Now that we’ve covered the “what” of this bill, let’s discuss the “why.” We live in one of the wealthiest countries in the world, yet a single trip to the ER could put any employee’s financial well-being in peril. Between rising insurance premiums and prohibitive drug prices, employees are finding it increasingly difficult to afford even routine medical care. That’s precisely why the IRA is so pivotal.
This bill primarily impacts Medicare enrollees and individuals who have purchased coverage through the ACA marketplace. In 2020, for example, 1.4 million Medicare Part D enrollees without low-income subsidies spent more than $2,000 on out-of-pocket prescription costs. Capping their prescription costs will keep money in those individuals’ pockets.
However, it remains to be seen how this bill will impact employer-sponsored health plan participants. Some experts expect pharmaceutical companies to raise prices for insurance carriers, which will eventually work its way down to employers and employees in the form of higher premiums. Meanwhile, some expect provisions like the pharma rebate to limit the growth of prices for drugs covered under private insurance.
About 64 million people are currently enrolled in Medicare, and that figure is expected to grow to 80 million by 2030. The main thrust of the IRA affects Medicare beneficiaries, and drug companies will experience a profit crunch as millions of additional people enroll in a program that caps their profits. With nowhere else to turn for profit margins and growth, employer-sponsored insurance will feel this change through increased drug costs.
This historical trend will continue unless Congress acts to limit drug costs for the employed population. Drug cost increases will likely accelerate for employers in the coming years, and it wouldn’t be a surprise to see cost-mitigation programs like GoodRx limited because they depend on coupons, rebates, and discounts for people paying cash for drugs.

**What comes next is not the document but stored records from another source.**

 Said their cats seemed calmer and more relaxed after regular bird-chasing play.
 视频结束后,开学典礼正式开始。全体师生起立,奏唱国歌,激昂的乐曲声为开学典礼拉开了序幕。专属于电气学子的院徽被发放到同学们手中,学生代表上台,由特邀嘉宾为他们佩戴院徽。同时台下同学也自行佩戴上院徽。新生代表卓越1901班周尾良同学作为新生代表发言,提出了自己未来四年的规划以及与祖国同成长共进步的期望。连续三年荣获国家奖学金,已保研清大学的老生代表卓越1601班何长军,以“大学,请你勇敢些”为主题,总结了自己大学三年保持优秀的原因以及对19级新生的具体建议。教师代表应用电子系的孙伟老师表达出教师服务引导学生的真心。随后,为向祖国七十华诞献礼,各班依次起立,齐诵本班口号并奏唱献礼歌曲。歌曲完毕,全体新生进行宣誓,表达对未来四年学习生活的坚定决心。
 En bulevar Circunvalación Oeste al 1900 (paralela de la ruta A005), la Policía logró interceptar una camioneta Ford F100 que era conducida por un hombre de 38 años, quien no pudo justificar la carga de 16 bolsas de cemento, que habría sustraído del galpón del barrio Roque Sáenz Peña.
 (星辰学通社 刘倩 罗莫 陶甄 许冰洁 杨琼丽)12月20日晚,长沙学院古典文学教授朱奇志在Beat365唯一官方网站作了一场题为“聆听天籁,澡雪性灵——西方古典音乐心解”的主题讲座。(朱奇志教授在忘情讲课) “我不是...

There are several right ways to handle this problem, but there’s one clear wrong solution: doing nothing. Medications play a critical role in keeping people healthy and out of the hospital; 10% of all hospital admissions stem from prescription nonadherence. Saving a few dollars today by skimping on prescription benefits will result in much larger costs down the road for employers as they see hospitalization numbers increase among their associates. And many other employees will see their healthcare worsen, leading to increased absenteeism and worse performance on the job.
What should employers do? To keep a healthy workforce, they will need to provide better ways for their employees to afford drug costs. This might mean investing in more expensive plans that have lower prescription copays, loading up employee spending accounts with funds that can be used for prescription costs, or offering a Health Payment Account like Paytient to help employees afford their medications.